━━━━━ DATA EXTRACT

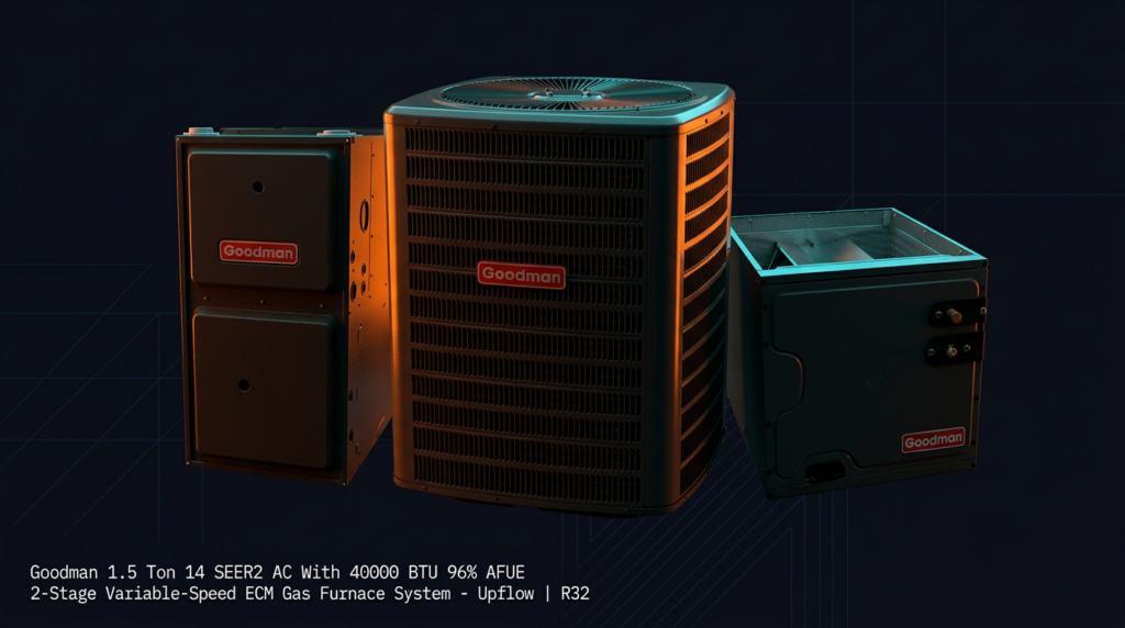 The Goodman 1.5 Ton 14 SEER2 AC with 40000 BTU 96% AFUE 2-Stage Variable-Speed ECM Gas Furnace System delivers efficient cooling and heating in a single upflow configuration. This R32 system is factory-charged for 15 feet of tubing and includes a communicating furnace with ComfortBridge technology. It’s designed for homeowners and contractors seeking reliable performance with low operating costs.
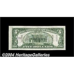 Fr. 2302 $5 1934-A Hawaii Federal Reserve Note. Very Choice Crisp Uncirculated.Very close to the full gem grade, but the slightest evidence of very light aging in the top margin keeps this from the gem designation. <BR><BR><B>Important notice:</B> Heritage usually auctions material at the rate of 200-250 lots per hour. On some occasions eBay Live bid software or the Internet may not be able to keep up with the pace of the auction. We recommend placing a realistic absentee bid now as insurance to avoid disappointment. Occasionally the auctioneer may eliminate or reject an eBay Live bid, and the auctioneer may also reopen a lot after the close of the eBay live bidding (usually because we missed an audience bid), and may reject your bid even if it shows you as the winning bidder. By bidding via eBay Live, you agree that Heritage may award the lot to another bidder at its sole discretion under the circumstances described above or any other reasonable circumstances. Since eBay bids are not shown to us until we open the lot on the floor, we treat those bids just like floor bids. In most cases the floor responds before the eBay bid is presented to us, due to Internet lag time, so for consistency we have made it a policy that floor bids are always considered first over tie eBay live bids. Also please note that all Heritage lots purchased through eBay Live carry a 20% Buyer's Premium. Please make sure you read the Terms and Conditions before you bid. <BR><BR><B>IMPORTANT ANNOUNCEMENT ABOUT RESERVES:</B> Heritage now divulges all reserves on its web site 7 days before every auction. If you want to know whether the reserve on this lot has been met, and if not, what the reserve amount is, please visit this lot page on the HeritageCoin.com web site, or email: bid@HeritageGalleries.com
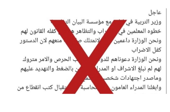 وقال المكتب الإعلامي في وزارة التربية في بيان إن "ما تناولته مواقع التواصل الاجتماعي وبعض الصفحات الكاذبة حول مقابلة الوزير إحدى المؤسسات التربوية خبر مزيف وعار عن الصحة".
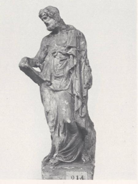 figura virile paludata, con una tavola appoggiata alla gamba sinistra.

━━━━━━━━━━

### PROBLEM TO WORK ON
Leaving out the pictures, transcribe the material above exactly.

### OUTPUT BELOW
 The Goodman 1.5 Ton 14 SEER2 AC with 40000 BTU 96% AFUE 2-Stage Variable-Speed ECM Gas Furnace System delivers efficient cooling and heating in a single upflow configuration. This R32 system is factory-charged for 15 feet of tubing and includes a communicating furnace with ComfortBridge technology. It’s designed for homeowners and contractors seeking reliable performance with low operating costs.
 Fr. 2302 $5 1934-A Hawaii Federal Reserve Note. Very Choice Crisp Uncirculated.Very close to the full gem grade, but the slightest evidence of very light aging in the top margin keeps this from the gem designation. <BR><BR><B>Important notice:</B> Heritage usually auctions material at the rate of 200-250 lots per hour. On some occasions eBay Live bid software or the Internet may not be able to keep up with the pace of the auction. We recommend placing a realistic absentee bid now as insurance to avoid disappointment. Occasionally the auctioneer may eliminate or reject an eBay Live bid, and the auctioneer may also reopen a lot after the close of the eBay live bidding (usually because we missed an audience bid), and may reject your bid even if it shows you as the winning bidder. By bidding via eBay Live, you agree that Heritage may award the lot to another bidder at its sole discretion under the circumstances described above or any other reasonable circumstances. Since eBay bids are not shown to us until we open the lot on the floor, we treat those bids just like floor bids. In most cases the floor responds before the eBay bid is presented to us, due to Internet lag time, so for consistency we have made it a policy that floor bids are always considered first over tie eBay live bids. Also please note that all Heritage lots purchased through eBay Live carry a 20% Buyer's Premium. Please make sure you read the Terms and Conditions before you bid. <BR><BR><B>IMPORTANT ANNOUNCEMENT ABOUT RESERVES:</B> Heritage now divulges all reserves on its web site 7 days before every auction. If you want to know whether the reserve on this lot has been met, and if not, what the reserve amount is, please visit this lot page on the HeritageCoin.com web site, or email: bid@HeritageGalleries.com
 وقال المكتب الإعلامي في وزارة التربية في بيان إن "ما تناولته مواقع التواصل الاجتماعي وبعض الصفحات الكاذبة حول مقابلة الوزير إحدى المؤسسات التربوية خبر مزيف وعار عن الصحة".
 figura virile paludata, con una tavola appoggiata alla gamba sinistra.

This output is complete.